**WHAT YOU WILL DO:** In your copy, each record should read exactly as it does below, and no pictures should be present.

**EXTRACTED DATA:**
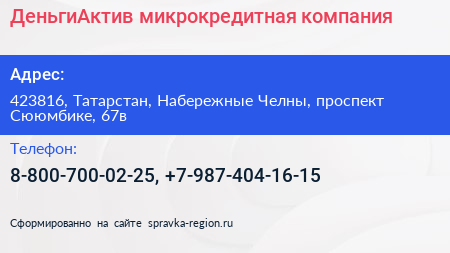 ДеньгиАктив, микрокредитная компания по адресу 423816, Татарстан, Набережные Челны, проспект Сююмбике, 67в в дальнейшем Организация, размещена в следующих категориях:
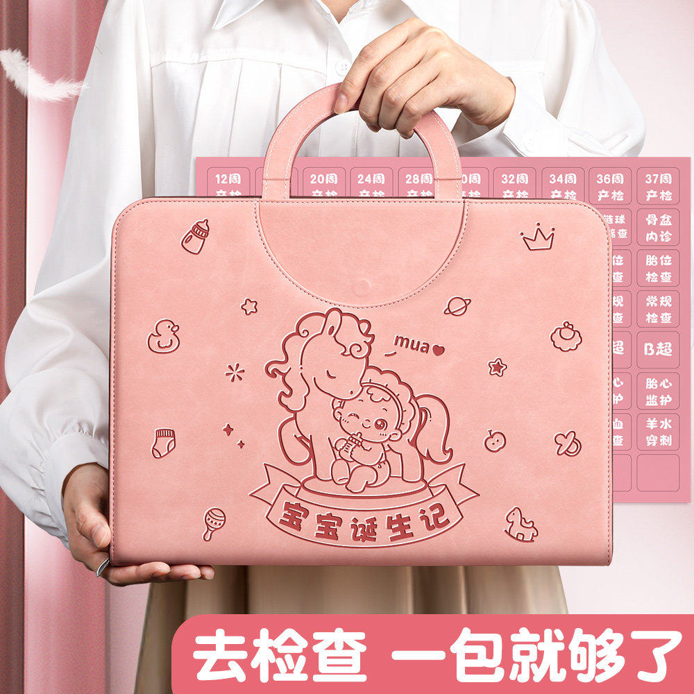 孕检收纳册手提包袋孕期档案册建档报告体检单孕妈妈孕妇必备手册产检本资料怀孕蛇宝宝检查记录收纳袋文件夹
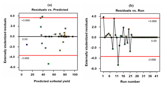 From Figure 8, the predicted and actual solketal yield shows the confidence level of 99.5%, proving the significance of the model. Residuals plots present the level of deviation between predicted and actual values. If the simulation values errors are random, residuals follow a random distribution. Therefore, it is important to analyze the residuals whether they are randomly distributed or not before explaining the interaction of parameters. Therefore, the residuals were normalized and divided with an estimate of standard deviation and presented as studentized residuals, as shown in Figure 9.
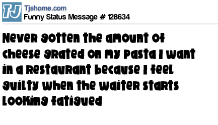 X never gotten the amount of cheese grated on my pasta I want in a restaurant because I feel guilty when the waiter starts looking fatigued
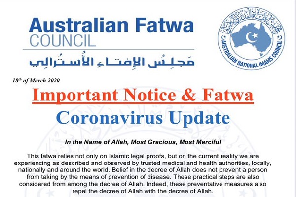 اس بی اس، شورای ملی ائمه جماعت استرالیا (ANIC)، بزرگترین نماینده مسلمانان و امامان جماعت در این کشور روز دوشنبه جلسهای برای بحث و گفتوگو درباره اقدامات پیشگیرانه در مساجد و مراکز اسلامی برگزار کرد. این شورا روز چهارشنبه با صدور فتوایی از مسلمانان خواست در منازل خود نماز بخوانند و برای نمازهای جمعه به مساجد نیایند.
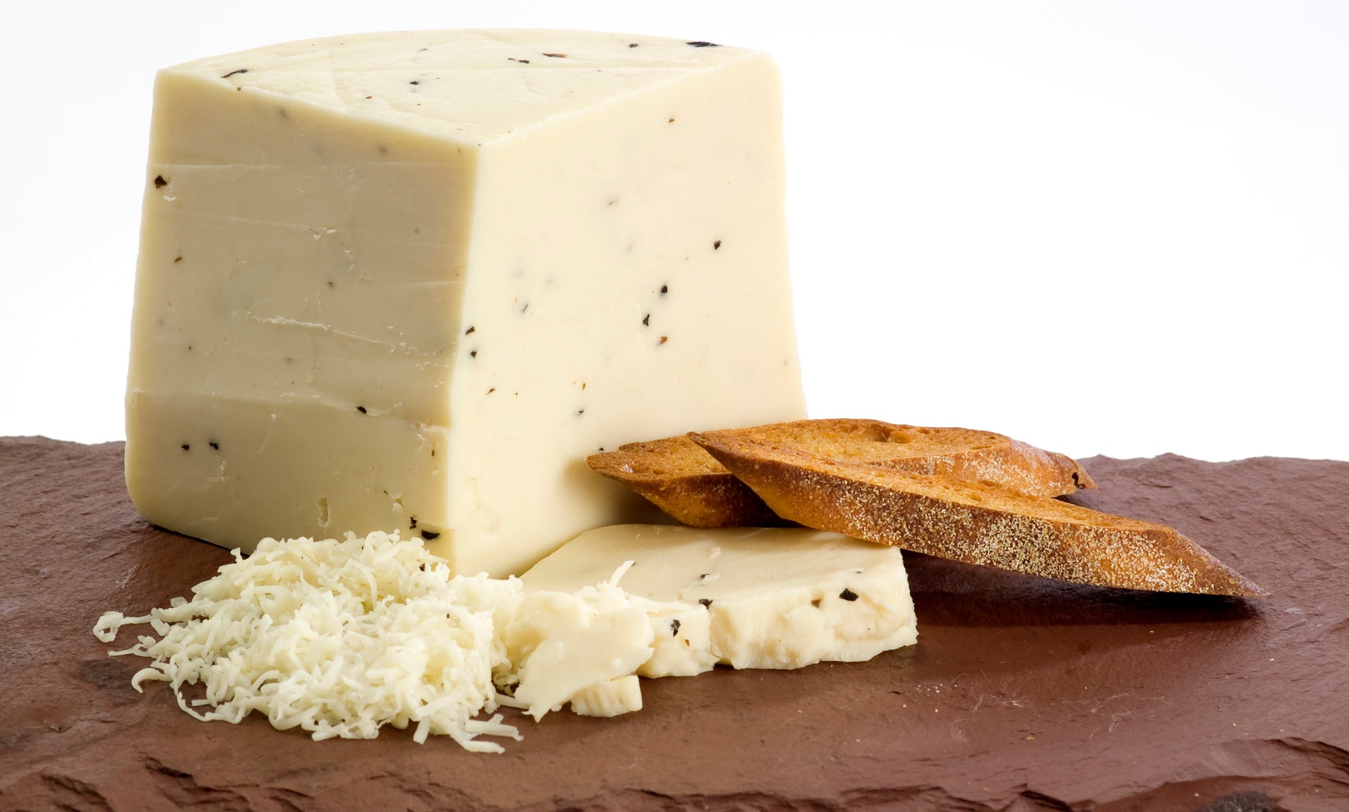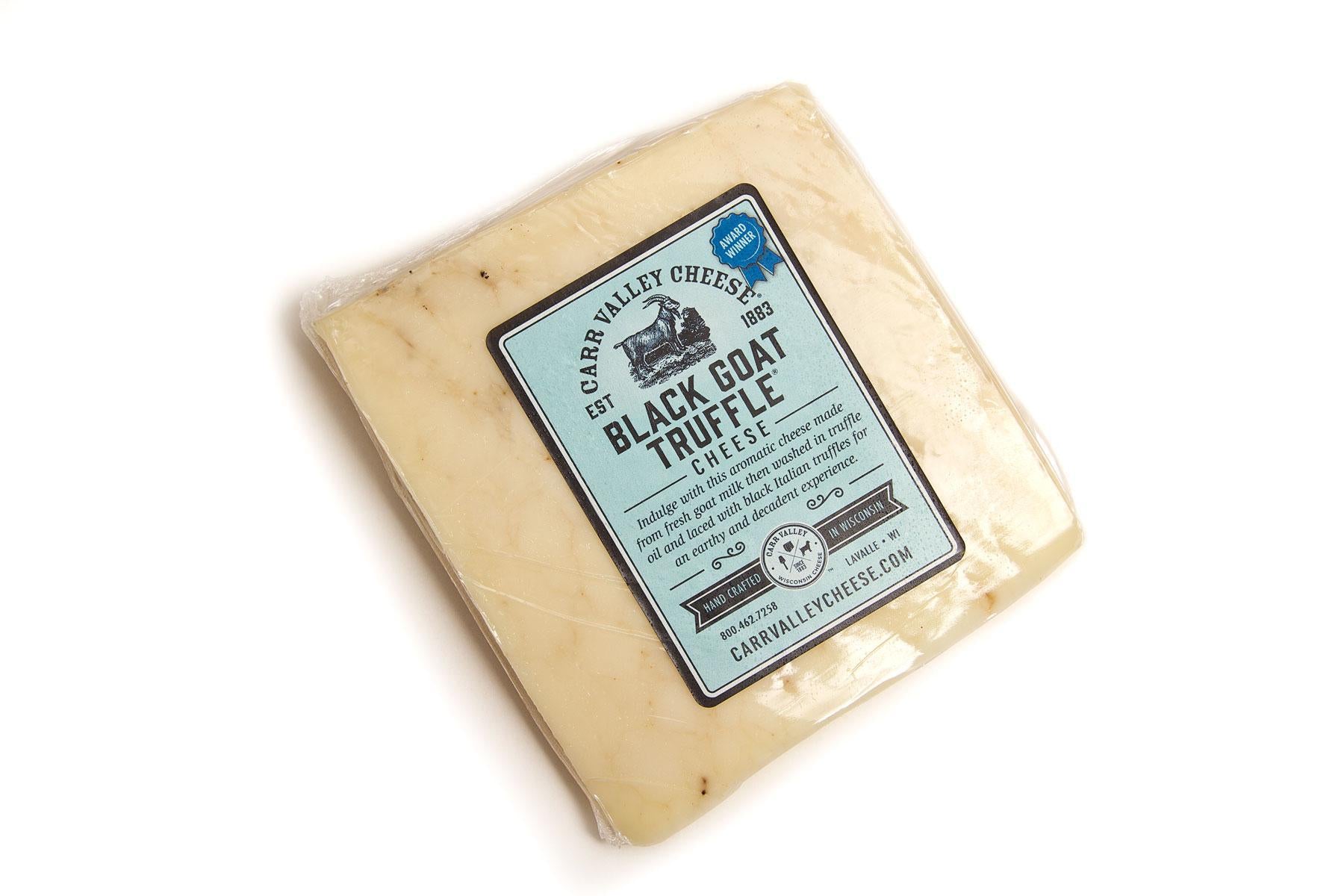 This cheese is made from fresh goat milk and has a pungent, earthy aroma. The flavor from black truffles blends deliciously with the sweetness of a fresh goat cheese. The texture is firm; it shreds well and is great on salads, burgers and vegetables.
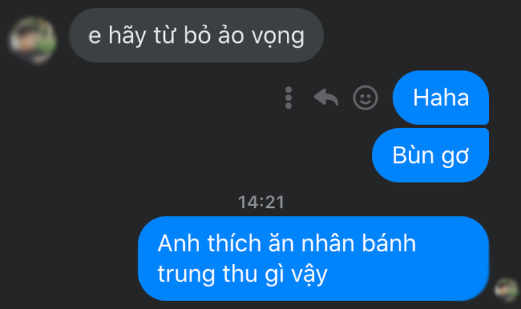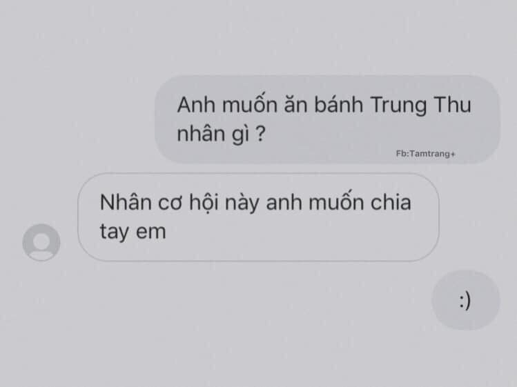 Ăn phải nhân bánh trung thu này thì đúng là chẳng thể nuốt trôi.Đoạn bình luận này đã nhanh chóng tạo thành một chủ đề vô cùng hấp dẫn trên mạng xã hội. Nhiều "dư luận viên" cho rằng đây sẽ là một trong những cách để nói lời chia tay người yêu vô cùng văn minh, tế nhị trong mùa Trung Thu. Một bộ phận khác thì bày tỏ, chàng hoặc nàng chỉ muốn xem phản ứng của bạn thế nào thôi; nếu mọi thứ kết thúc một cách nhẹ nhàng thế này chắc hẳn đôi bên cũng chẳng sâu đậm gì.
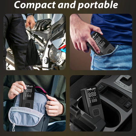- Gemak onderweg: pomp banden overal op—geen stopcontact nodig—zodat uw reis soepel en veilig verloopt.
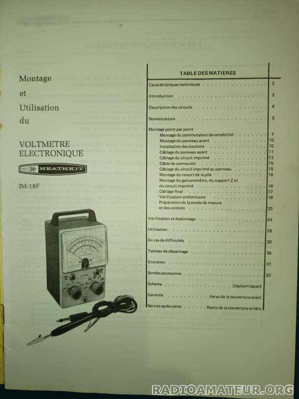 Vends documentation originale du voltmètre électronique Heathkit IM-18F avec schéma - Paypal possible - Envoi via Mondial Relay - 73' Alain.
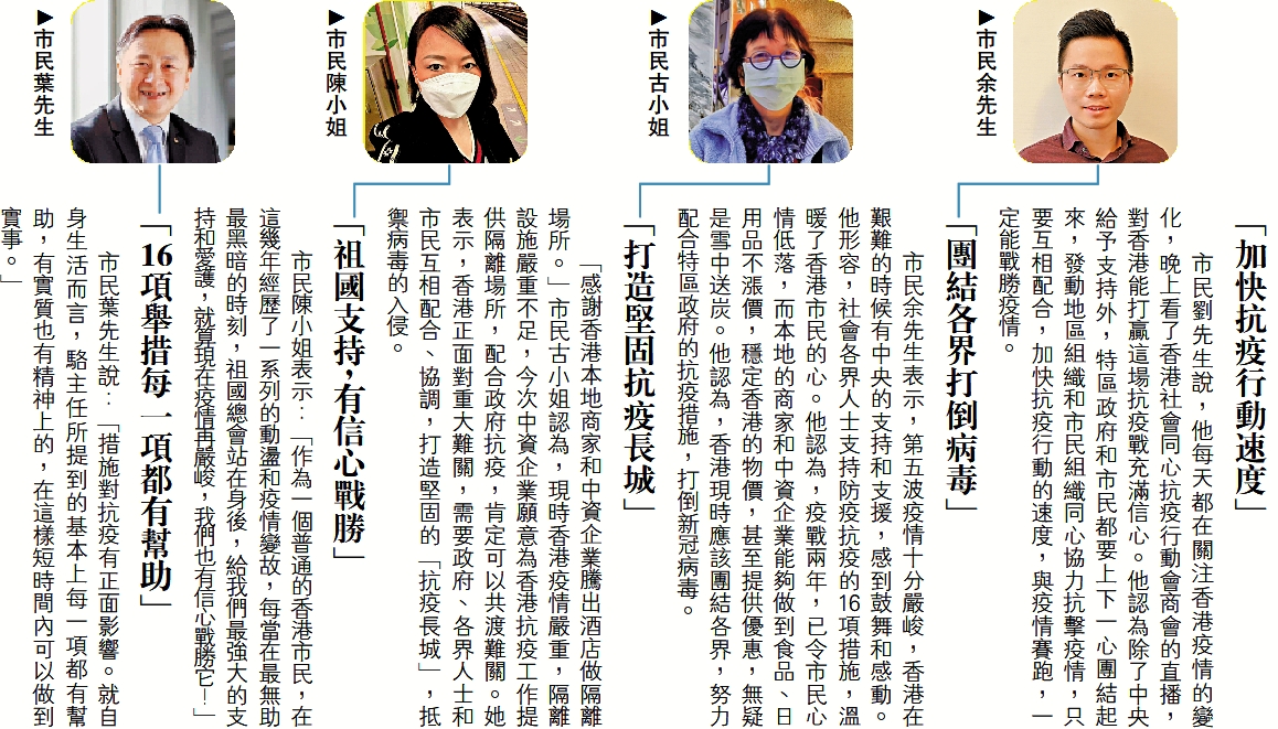 市民陳小姐表示:「作為一個普通的香港市民,在這幾年經歷了一系列的動盪和疫情變故,每當在最無助最黑暗的時刻,祖國總會站在身後,給我們最強大的支持和愛護,就算現在疫情再嚴峻,我們也有信心戰勝它!」

**SOLUTION:**
 ДеньгиАктив, микрокредитная компания по адресу 423816, Татарстан, Набережные Челны, проспект Сююмбике, 67в в дальнейшем Организация, размещена в следующих категориях:
 孕检收纳册手提包袋孕期档案册建档报告体检单孕妈妈孕妇必备手册产检本资料怀孕蛇宝宝检查记录收纳袋文件夹
 From Figure 8, the predicted and actual solketal yield shows the confidence level of 99.5%, proving the significance of the model. Residuals plots present the level of deviation between predicted and actual values. If the simulation values errors are random, residuals follow a random distribution. Therefore, it is important to analyze the residuals whether they are randomly distributed or not before explaining the interaction of parameters. Therefore, the residuals were normalized and divided with an estimate of standard deviation and presented as studentized residuals, as shown in Figure 9.
 X never gotten the amount of cheese grated on my pasta I want in a restaurant because I feel guilty when the waiter starts looking fatigued
 اس بی اس، شورای ملی ائمه جماعت استرالیا (ANIC)، بزرگترین نماینده مسلمانان و امامان جماعت در این کشور روز دوشنبه جلسهای برای بحث و گفتوگو درباره اقدامات پیشگیرانه در مساجد و مراکز اسلامی برگزار کرد. این شورا روز چهارشنبه با صدور فتوایی از مسلمانان خواست در منازل خود نماز بخوانند و برای نمازهای جمعه به مساجد نیایند.
 This cheese is made from fresh goat milk and has a pungent, earthy aroma. The flavor from black truffles blends deliciously with the sweetness of a fresh goat cheese. The texture is firm; it shreds well and is great on salads, burgers and vegetables.
 Ăn phải nhân bánh trung thu này thì đúng là chẳng thể nuốt trôi.Đoạn bình luận này đã nhanh chóng tạo thành một chủ đề vô cùng hấp dẫn trên mạng xã hội. Nhiều "dư luận viên" cho rằng đây sẽ là một trong những cách để nói lời chia tay người yêu vô cùng văn minh, tế nhị trong mùa Trung Thu. Một bộ phận khác thì bày tỏ, chàng hoặc nàng chỉ muốn xem phản ứng của bạn thế nào thôi; nếu mọi thứ kết thúc một cách nhẹ nhàng thế này chắc hẳn đôi bên cũng chẳng sâu đậm gì.
- Gemak onderweg: pomp banden overal op—geen stopcontact nodig—zodat uw reis soepel en veilig verloopt.
 Vends documentation originale du voltmètre électronique Heathkit IM-18F avec schéma - Paypal possible - Envoi via Mondial Relay - 73' Alain.
 市民陳小姐表示:「作為一個普通的香港市民,在這幾年經歷了一系列的動盪和疫情變故,每當在最無助最黑暗的時刻,祖國總會站在身後,給我們最強大的支持和愛護,就算現在疫情再嚴峻,我們也有信心戰勝它!」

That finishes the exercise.